15. The argument of the learned counsel for the Petitioners as to the burden of proof purportedly placed on wrong side, is also misplaced, in view of the settled proposition of law that when both disputants have led sufficient and relevant evidence, allocation of onus of proof has no relevance. In this regard, reliance can be placed on law laid down in the cases titled “Durga Prasad and another v. Ghanshiam Das and others” (PLD 1948 Privy Council 171), “Mst. Qaisa’r Khatoon and 12 others v. Maulvi Abdul Khaliq and another (both represented by heirs)” (PLD 1972 SC 334) and “Mst.
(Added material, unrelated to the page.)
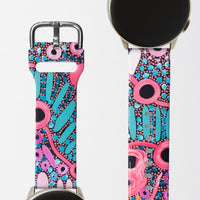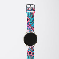 Personalise and update your watch with these vibrant and unique watch straps. Available in a range of incredible First Nations artworks and a selection of materials and sizes to suit every taste. With a metal buckle and multiple fastening options.

Bakht Bano v. Mst. Zainab Khatoon” (1991 MLD 2389). It will be beneficial to reproduce the relevant part of Mst. Qaisa’r Khatoon case (supra) which is as under:

“In any event, [the question of onus of proof has lost its importance now after all the relevant evidence has been adduced and placed on the record (vide Manaka v. Madha Rao) (AIR 1950 PC 25). The question of the burden of proof becomes material only where the Court finds tile evidence so evenly balanced that it can come to no definite conclusion-(Vide PLD 1948 PC 171). In such an event the rule is that the party on whom the onus lay must fail. This, however, is not the case here, for, the evidence is, by no means, evenly balanced.”

16. The facts being established that Respondent No. 1 is widow of the Deceased and Respondents Nos. 2 and 3 are children from their lawful wedlock, it would superfluous to further rehearse the elaborate scrutiny to each and every incident in the case which has been subjected in the careful Judgments of the two learned Courts. No case of material irregularity, illegality or jurisdictional defect, requiring exercise of revisional jurisdiction, is made out.

17. This civil revision being devoid of merits is, accordingly dismissed, with no order as to costs.